I stared at the table with the platters of pancakes, bacon, fresh strawberries, and scrambled eggs. Alvin was late getting up and now I heard the shower running and his voice singing above the noise. I wanted to get up and take
the platters back to the kitchen, to keep them warm until he came down, but I could not move.
I was the person who’d confronted James that night, caused him to get an attitude. Why didn’t he come after me? Instead he’d gone after his ex-girlfriend.
I collared Ruffin and left the house, heading for St. Nicholas Park, avoiding Edgecombe Avenue because I did not want to look up at the curtainless windows of Claudine’s empty apartment.
The stairs through the park led up to St. Nicholas Terrace winding behind City University. The grass smelled fresh and a light sprinkle of rainwater still dropped from the leaves when the wind disturbed them.
From the terrace, I gazed down over the steep incline of the park and the playground. A bus moved busily along St. Nicholas Avenue, discharging passengers, taking in more, and moving on. Purposefully. Everyone on that bus had a destination. Even the driver had a purpose.
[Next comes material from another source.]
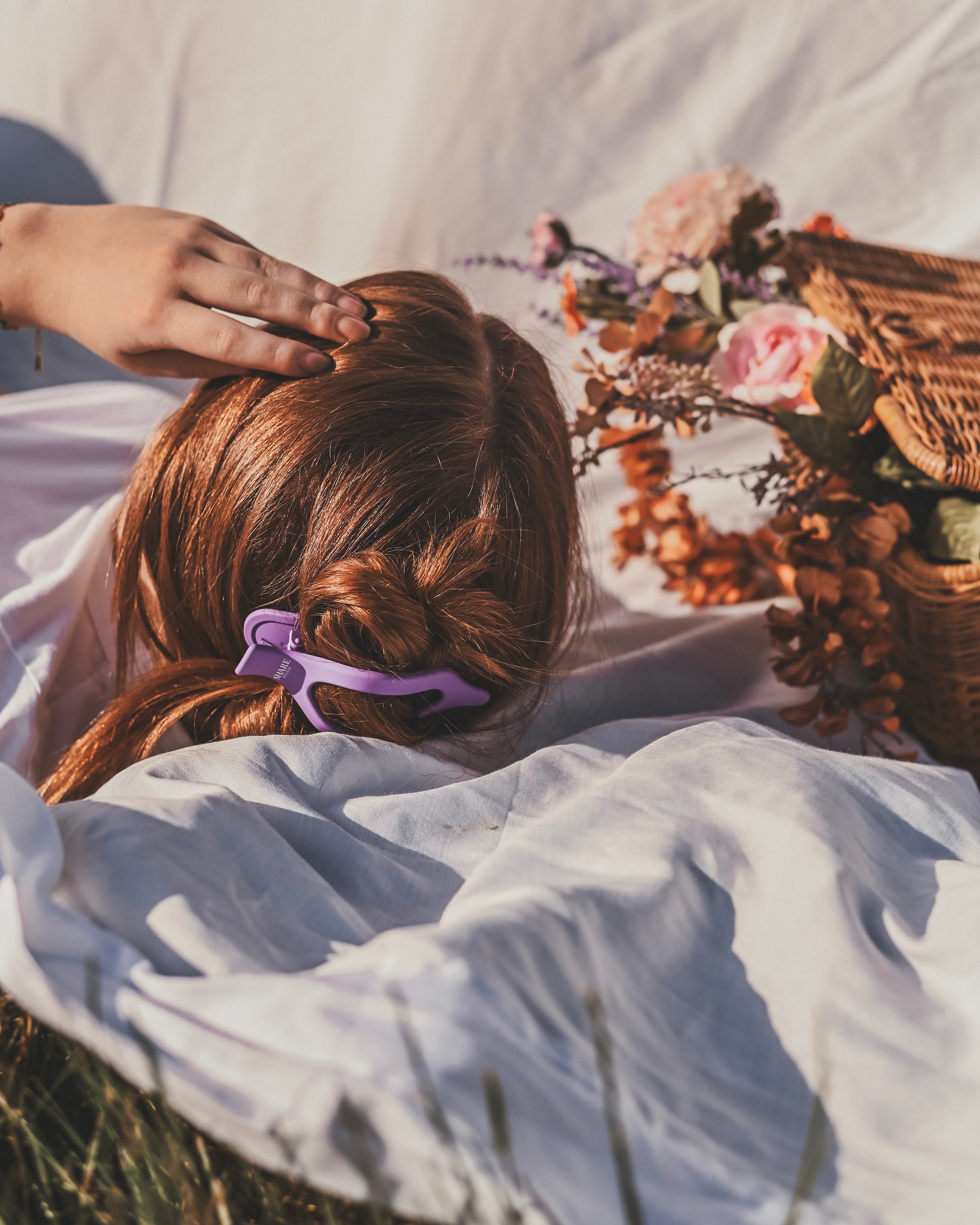 Meet your new everyday essential — the Lay Flat Wide Clip. Designed for comfort and effortless wear, this clip sits flat against your head, making it perfect for driving, lounging, or relaxing without discomfort. Its wide design keeps hair secure through daily activities while maintaining a sleek, minimal look. Works beautifully for all hair types — from thin to thick — and doubles as the perfect half-up option for longer or fuller hair.

To get where he had to go, complete the assigned route.
I turned around to face the Gothic mass of Shepherd Hall, my favorite building on the campus. Students were already in class, poring, just as I once had, over their assignments. With purpose.
“I’m going to find James,” I said.
I spoke to Ruffin because there was no one else to make this promise to. Ruffin looked up, then rested his head on the ground between his paws. Two campus security guards watched us from a safe distance across the street, reluctant to approach. They stared at Ruffin and I let a minute pass before I waved good morning. One lifted his hand halfheartedly, as if he feared Ruffin would leap across the street and snack on his arm for breakfast.
“Come on, Ruffin. The guys are getting nervous.”
We left the winding walk at 140th Street and came out on Convent Avenue, passing the John Henrik Clarke House, a brownstone named for one of the founders of the Harlem Writers Guild. At Convent Avenue Baptist Church we turned east and walked down the hill at 145th Street, weaving our way through the crowd rushing to the subway.